Wednesday, March 4, 2015

The eyes are much more emotional

Sometimes the counter on my microwave reaches zero yet still takes a couple seconds before it sounds the beeping melody of completion.  This is irrelevant if I am sitting in the other room and only have the sound of the beep to tall me the microwave has completed it's function.  However, once I was looking at the microwave, I saw that the counter was at zero so I naturally placed my hand on the door handle so I could open the door the retrieve the contents therein.  To my surprise I found myself frozen in that state because the the beep still hadn't sounded.  It took so long to sound although my visual system was staring at a big 0 that I began to feel like an ass with my hand on the handle doing nothing.  By the time the beep caught up with the 0 displayed on the timer I was furious.

My eyes gave me the sign that the microwave was done yet my ears wouldn't let me continue until it also received its own sign.  This false expectation induced by my eyes caused me to quickly lose my patience.  If it had happened the other way around, if the microwave had beeped seconds before the timer had reached zero thus causing my eyes to wait for their signal, would I have been equally perturbed at the microwave's incompetence?  Perhaps I would have found it comical....I must re-engineer this faulty microwave and find out.

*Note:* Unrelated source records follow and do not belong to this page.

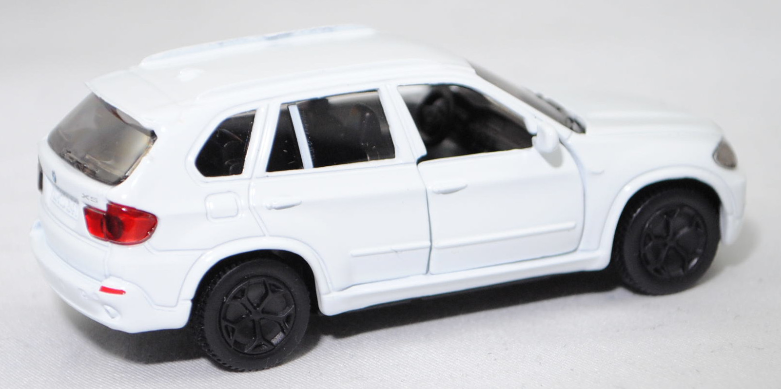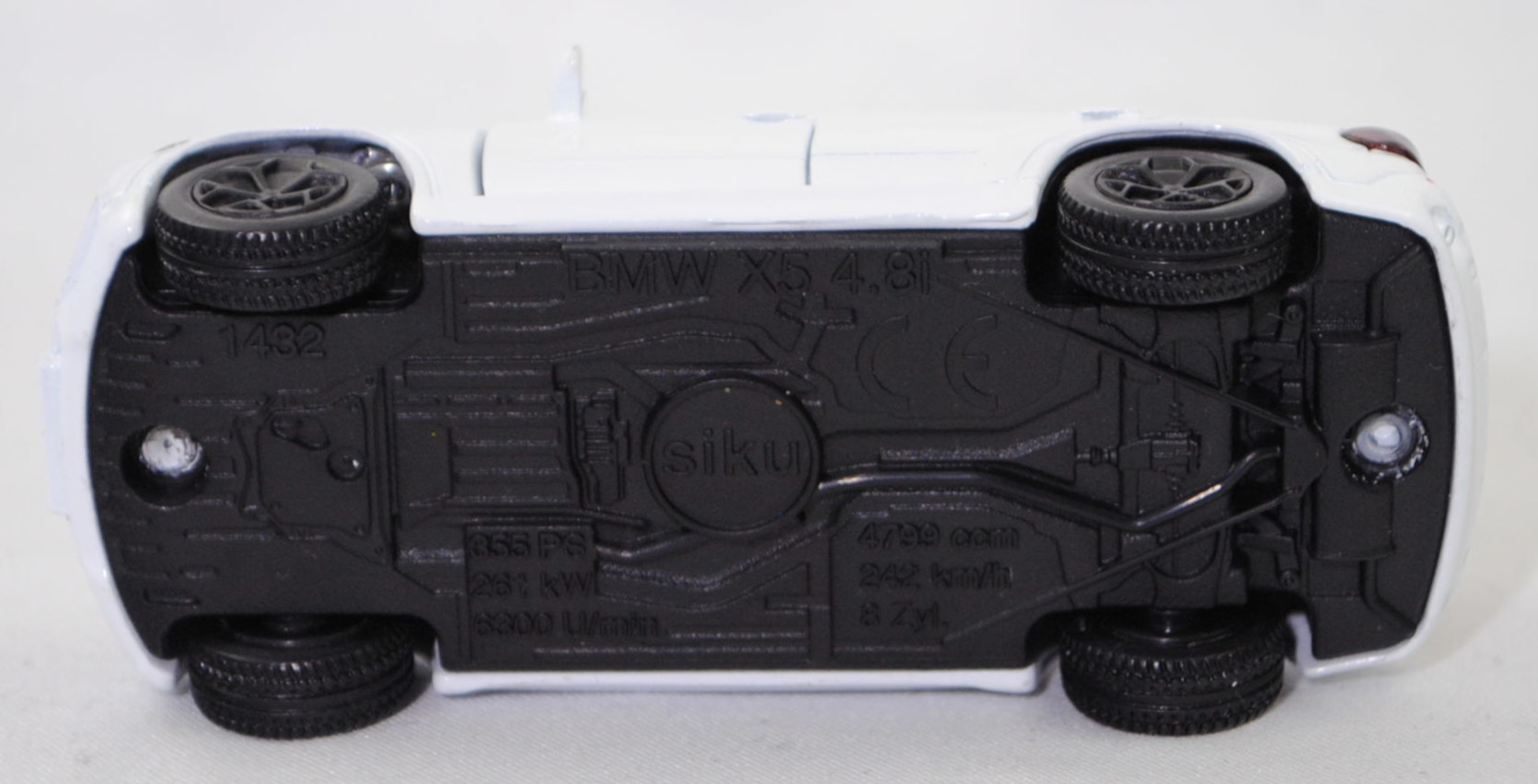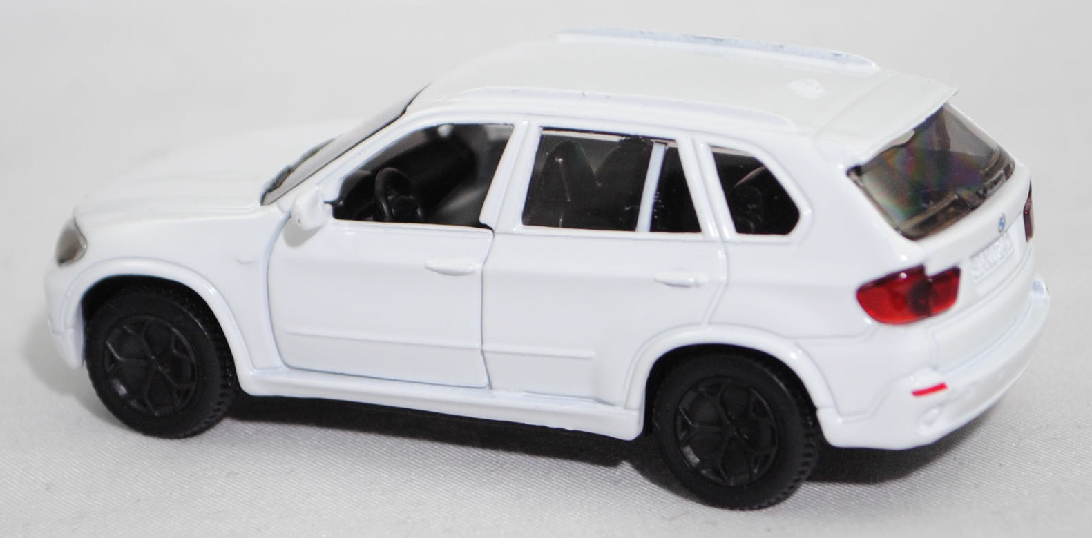00001 BMW X5 3.0si / xDrive30i (2. Generation, Baureihe X5, interne Baureihenbezeichnung E70, fünftüriges Sport Utility Vehicle (SUV) mit 5 Sitzplätzen, Vorfacelift (vor LCI = vor Life Cycle Impulse bzw. vor Modellpflegemaßnahmen), Frontziergitter mit Nieren-Längsstreben in schwarz mit Chromeinfassung, Front- und Heckschürze nur im oberen Bereich in Wagenfarbe lackiert, breite flache Lüftungsöffnungen unten außen im Stoßfänger, mittlere Lüftungsöffnung im Stoßfänger nur bis auf halber Nummernschildhöhe geführt, runde Nebelscheinwerfer in trichterförmiger Aussparung im Stoßfänger, Stoßfänger hinten durchgehend ohne angedeuteten Diffusor, 2 runde Edelstahl-Auspuffendrohre je eins rechts und links, Ausstattungslinie 3.0si / xDrive30i: Halogen-Scheinwerfer + Nebelscheinwerfer + Frontziergitter mit Nieren-Längsstäben in schwarz, mit Chromeinfassung + Sechszylinder-Motor mit 2996 cm³ und 272 PS + 6-Gang-Automatic-Getriebe und elektronischem Gangwahlschalter inkl. Steptronic und adaptiver Getriebesteuerung + Außenspiegel asphärisch beheizt und elektrisch einstellbar + Innenspiegel automatisch abblendend + Interieurleisten Graphitan matt + Lederlenkrad im 3-Speichen Design mechanisch längs- und höhenverstellbar + Klimaautomatik + Sitzverstellung teilelektrisch für Fahrer und Beifahrer + Polsterung Stoff Twill + Fensterrahmenleiste in schwarz matt + Dachspoiler inkl. dritter Bremsleuchte + Heckklappe zweiteilig, Oberteil nach oben zu öffnen, Heckklappenunterteil manuell entriegelbar, Unterteil auf Ladekantenniveau abklappbar + Heckscheibenwischer + 2 Auspuffendrohre (je eins rechts und links), Edelstahl, rund + Leichtmetallräder Sternspeiche 209 Größe 8,5 J x 18 mit Reifen 255/55 R 18 Runflat, 6-Gang-Automatikgetriebe, Allradantrieb, Motor: BMW Typ N52B30 wassergekühlter Sechszylinder-Reihen-Viertakt-Otto mit Saugrohreinspritzung und zwei obenliegende Nockenwellen (DOHC = Double Overhead Camshaft) sowie 4 Ventile pro Zylinder und 2996 cm³ sowie 272 PS, Radstand 2933 mm, Länge 4854 mm, Modell 2006-2008 als X5 3.0si bzw. 2008-2010 als X5 xDrive30i), reinweiß (vgl. alpinweiß III beim Original, Farbcode 300), innen schwarz, Sitze schwarz, Lenkrad schwarz, Bpr. 1432 beim linken Vorderrad, Bpr. ohne Adresse, ohne Chargendruck auf dem Chassis, B41 schwarz (BMW Leichtmetallräder Sternspeiche 209 (5-Speichen-Design) Größe 8,5 J x 18 ET 46 mit Lochkreis 5 x 120 (Teilenummer 36 11 6 770 200, Farbe silber) und Nabenabdeckung (Ø 67 mm mit Chromrand, Teilenummer 36 13 6 783 536) sowie Reifen 255/55 R 18 109V Runflet), SIKU SUPER, ca. 1:58, m (Vitrinenmodell) (EAN 4006874014323)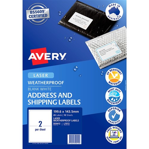 Durable water-resistant labels provide strong protection against harsh elements. UV-resistant, water-resistant and weatherproof. Customise your labels with Avery Design and Print, available at averyproducts.com.au/print. Perfect for shipping, addressing, priority messages, warning labels and more. Made in Australia. Size: 199.6x143.5mm 20 labels, 10 sheets. 2 labels per sheet (2UP).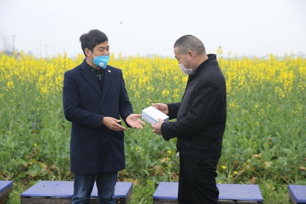 当天,蟲鑫蜂业合作社负责人王顺还专门赶到邛崃高埂街道九龙村,为鲜中跃、徐春玉夫妻俩送来了口罩。据了解,疫情发生后,四川唯一一家“国字号”蜂业示范社——蟲鑫蜂业合作社,在向抗疫一线工作人员捐赠口罩的同时,还互帮互助为广大合作社社员赠送了2000多个口罩,勉励广大社员做好自身防疫,抓好蜂蜜生产。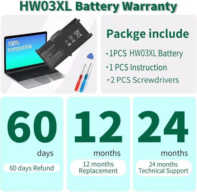includes: 1x HW03XL Battery, 2 x Screwdrivers, 1x Instruction for HW03XL battery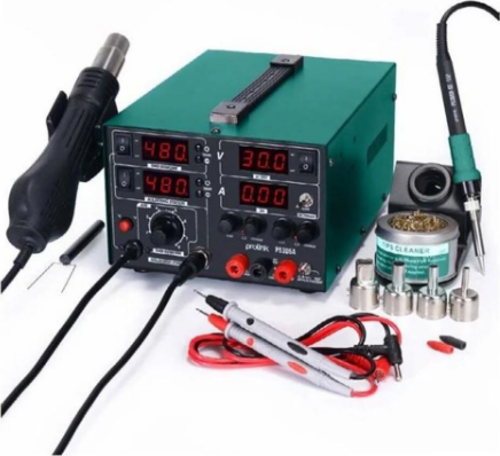 Bu model, yüksek performanslı sıcak hava tabancası, dijital kontrollü havya ve 0-30 V / 0-5 A ayarlı güç kaynağı ile elektronik kartlarda hassas sökme, yeniden lehimleme ve test işlemlerinde güvenilir sonuçlar sağlar.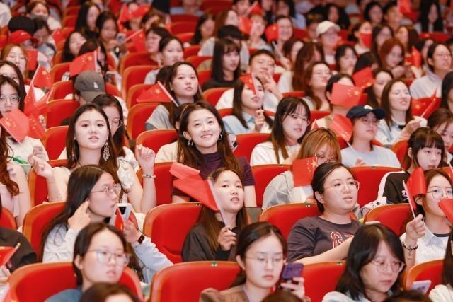 同学们见到奥运冠军非常开心。“看到冠军了,真是激动的一天”“雅妮笑容好甜美”“有生之年没想到见到雅妮本人”“我就这么水灵灵的和昌雅妮合影了”“妮妮好美,全场氛围好燃好炸”……昌雅妮一出场便引起了现场学生们的欢呼与喝彩。上台前,她和同学们亲密合影,现场一片欢腾。
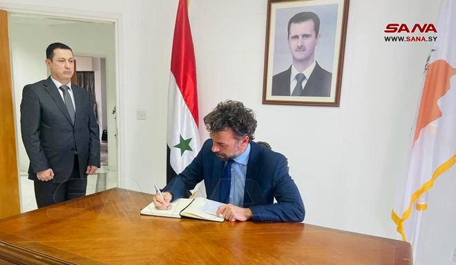 Nicosie – SANA/ Un représentant du ministère chypriote des Affaires étrangères a présenté ses condoléances pour les victimes du tremblement de terre en Syrie, lors de sa visite aujourd’hui au siège de l’ambassade de Syrie à Nicosie, exprimant la tristesse du gouvernement et du peuple chypriote pour le peuple syrien et leur sympathie aux familles des victimes.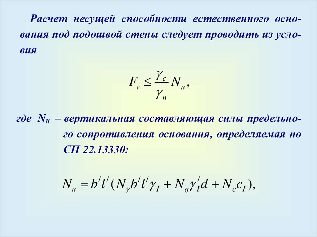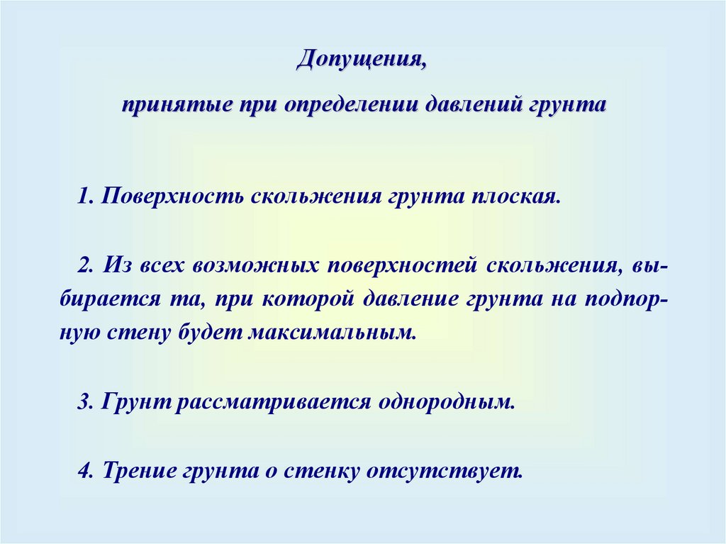 отметки и трением грунта по расчетной плоскости

As humans I think we are much more dependent on our eyes than any other sense.  We believe the things we see with much more faith than information received from the other senses.  I think this reliance causes us to become much more emotionally attached to our visual system than any other.  Any discrepancy, for example seeing the timer saying zero yet the microwave not dinging, therefore would likely be met with much more emotion.  Hence I got so frustrated.

1 comment:

  1. The first paragraph is hilarious. I'm talking LOL, baby! Seriously.